Add the following contents:

                            yaml
                            
                        
services:
  traefik:
    image: traefik:latest
    container_name: traefik
    restart: unless-stopped
    environment:
      DOCKER_API_VERSION: "1.44"
    command:
      - "--providers.docker=true"
      - "--providers.docker.exposedbydefault=false"
      - "--providers.docker.network=traefik-public"
      - "--entrypoints.web.address=:80"
      - "--entrypoints.websecure.address=:443"
      - "--entrypoints.web.http.redirections.entrypoint.to=websecure"
      - "--entrypoints.web.http.redirections.entrypoint.scheme=https"
      - "--certificatesresolvers.le.acme.httpchallenge=true"
      - "--certificatesresolvers.le.acme.httpchallenge.entrypoint=web"
      - "--certificatesresolvers.le.acme.email=${LETSENCRYPT_EMAIL}"
      - "--certificatesresolvers.le.acme.storage=/letsencrypt/acme.json"
    ports:
      - "80:80"
      - "443:443"
    volumes:
      - /var/run/docker.sock:/var/run/docker.sock:ro
      - ./letsencrypt:/letsencrypt

  dns-server:
    image: technitium/dns-server:latest
    container_name: dns-server
    restart: unless-stopped
    environment:
      - TZ=UTC
      - DNS_SERVER_DOMAIN=${DOMAIN}
    ports:
      - "53:53/udp"
      - "53:53/tcp"
    volumes:
      - ./config:/etc/dns
    labels:
      - "traefik.enable=true"
      - "traefik.http.routers.dns.rule=Host(`${DOMAIN}`)"
      - "traefik.http.routers.dns.entrypoints=websecure"
      - "traefik.http.routers.dns.tls=true"
      - "traefik.http.routers.dns.tls.certresolver=le"
      - "traefik.http.services.dns.loadbalancer.server.port=5380"

Save and close the file.

This Docker Compose configuration deploys Technitium DNS Server behind Traefik, providing secure HTTPS access to the administrative panel while exposing DNS ports directly for network-wide DNS resolution. Each service plays a specific role in the deployment:

dns-server service (Technitium DNS Server)
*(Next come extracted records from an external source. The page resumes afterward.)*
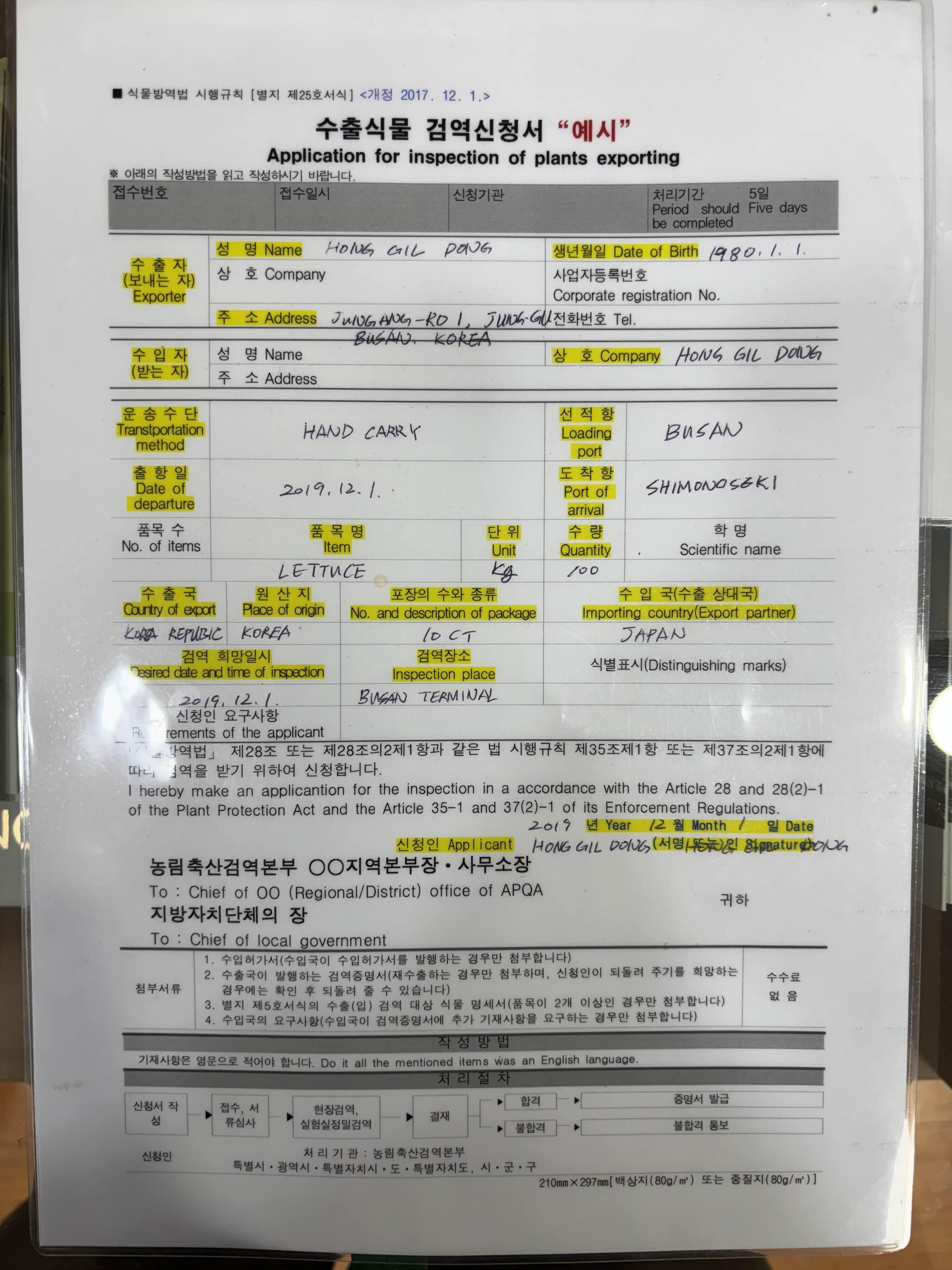 후쿠오카 공항 식물검역소에 한국에서 발급받은 검역증 서류와 씨앗을 제출하니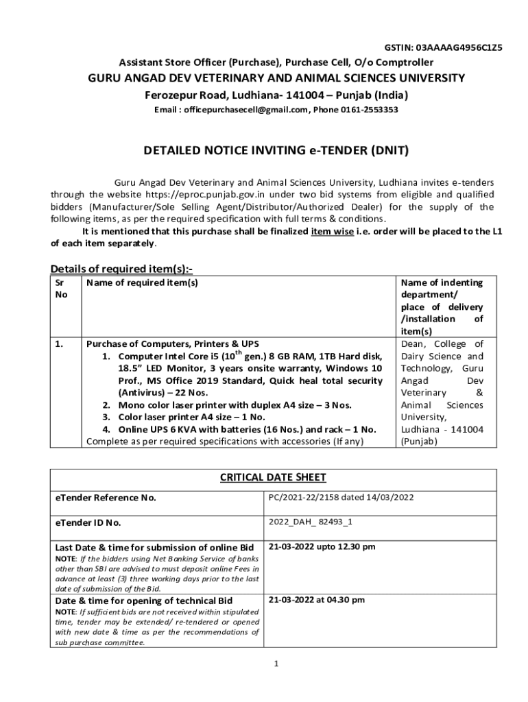 GTIN: 03AAAAG4956C1Z5Assistant Store Officer (Purchase), Purchase Cell, O/o ComptrollerGURU AN GAD DEV VETERINARY AND ANIMAL SCIENCES UNIVERSITY Ferozepur Road, Ludhiana 141004 Punjab (India) Email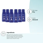 Product Description NIVEA Essentially Enriched, Deep Nourishing, Almond Oil Body Lotion, Travel Size 2.5 Fl Ounce (Pack Of 1) NIVEA Essentially Enriched Body Lotion, nourished and deeply moisturized skin is not as far away as you think. This body lotion for dry skin and very dry skin is infused with NIVEA Deep Nourishing Serum and Almond Oil to nourish by locking in deep moisture. NIVEA Essentially Enriched Body Lotion reduces the roughness of skin, after just 1 application. With a formula that provides 48 hours of deep nourishing moisture, this dry skin lotion locks in moisture and gives noticeably smoother skin. NIVEA is proud to be one of the leading companies in the field of skin care products, with more than 130 years of experience. 48 Hour Deep Nourishing: This NIVEA body lotion for dry skin and very dry skin provides 48 hours of deep nourishing moisture Smoother Skin: Infused with Deep Nourishing Serum and Almond Oil for skin, it reduces roughness after just one application Tested & Trusted: NIVEA Essentially Enriched lotion is dermatologically tested, and is ideal for those looking for a daily lotion for very dry skin Convenient Pump Bottle: NIVEA dry skin lotion pump bottle is a convenient option for home or office use Infused with Deep Nourishing Serum and Almond Oil for skin nourishing and reduced roughness after just one application NIVEA Essentially Enriched lotion is dermatologically tested, and is ideal for those looking for a daily lotion for very dry skin NIVEA dry skin lotion mini bottles are a convenient option for on-the-go and travel essentials NIVEA is a trusted leader in skin care products, with more than 130 years of experience Infused with Deep Moisture Serum and Almond Oil Intensively moisturizes for 48 hours Noticeably reduced skin roughness after just 1 application Designed for dry to very dry skin Special Ingredients: Almond Oil Product Benefits: Nourishing Skin Type: Dry Item Form: Lotion Special Ingredients: Almond Oil Ingredients Water, Mineral Oil, Isohexadecane, Glycerin, Petrolatum, PEG-40 Sorbitan Perisostearate, Prunus Amygdalus Dulcis (Sweet Almond) Oil , Magnesium Sulfate, Fragrance, Citric Acid, Sodium Citrate, Potassium Sorbate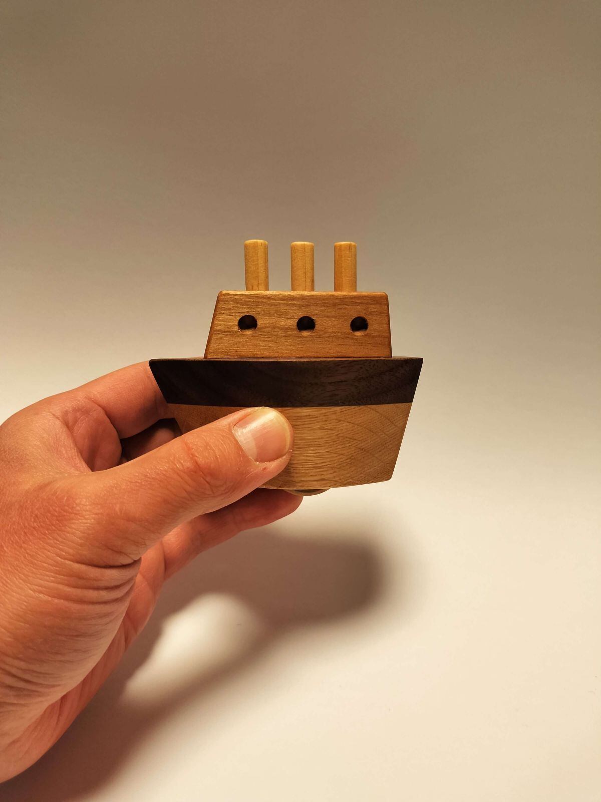 船の底部分には木で作った車輪を取り付けています。手転がしで棚やデスクの上を航海することができます。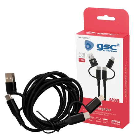 The GSC Evolution 4-in-1 Charger Cable is a versatile, reliable charging solution designed to keep all your essential devices powered up. With multiple connection options, this cable is ideal for home, office, travel, or everyday use. Featuring a USB input and durable Type-C connection, it supports up to 20V, ensuring fast and efficient charging for compatible devices.

Runs the container using the official technitium/dns-server image.
Exposes ports 53/udp and 53/tcp so local devices can use this server for regular DNS queries.
Stores persistent configuration in the ./config directory, preserving DNS zones and settings across restarts.
Includes Traefik labels that route HTTPS traffic for your domain (${DOMAIN}) to Technitium’s web management interface running internally on port 5380.
Uses environment variables to configure the server domain and timezone.

traefik service

Acts as a reverse proxy and handles all incoming web traffic on ports 80 and 443.
Automatically provisions and renews SSL certificates using Let’s Encrypt.
Enforces HTTP→HTTPS redirection and forwards secure web requests to Technitium’s admin dashboard.
Stores ACME certificate files inside the ./letsencrypt directory.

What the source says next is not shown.